Hi everyone, hope you all are comfortable because this is probably about to be a long one. First, I'll give you all the backstory.
My parents are religious (Buddhism) and pretty traditional. My parents want me to find a guy and marry him. That shattered when they found out I was talking to my now-girlfriend through my diary. I personally knew how my parents felt about homosexuals, so I did my best to avoid the conversation when I was still in high school. I spent time with my girlfriend at her house, but even that was limited since my parents are the type to helicopter and track me. So, after they found out that I'm bisexual/lesbian, we've had a long talk. A talk that still happens every now and then for the past three years. They told me that this is not acceptable, I have to be with a guy and only a guy because that's how this world is, people will hate on me, and no one will support me.
In respect, I will not be telling everything about what had happened in the last three years, but it's been hard. My mother just absolutely avoids me for about a week (or two) anytime I mention my girlfriend or when I got back from her parent's house. I only have conversations with my father, and they absolutely go nowhere. Although my father doesn't understand English very well, I made it known and clear that I am not breaking up with my girlfriend. I am and have been doing well in school while I'm with my girlfriend, and tried to reason with him that I need a balance between school, family, and my partner. They mentioned many times that they will not support me if I'm still dating her and no one will support me financially, but they still love me. To reply to that, I told them many times that I will not respect them until they respect me and my choices on who I date, especially since I'm going to be with a girl. Still no progress.

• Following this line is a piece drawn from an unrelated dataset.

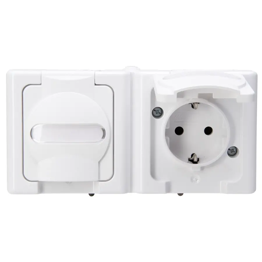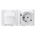 Kopp Blue Electric stopcontact met deksel en randaarde spatwaterdicht horizontaal 2-voudig IP44 arctic wit (131202003)

My girlfriend and I have been dating for almost three years. We graduated from high school back in May (caravan style) and currently in college about an hour and a half away from each other. We know that we will not be able to be with each other every week since she's in a dorm and I'm in my house. The house I'm currently in is being remodeled by my father, so he comes up every weekend (sometimes every other weekend) to work on it.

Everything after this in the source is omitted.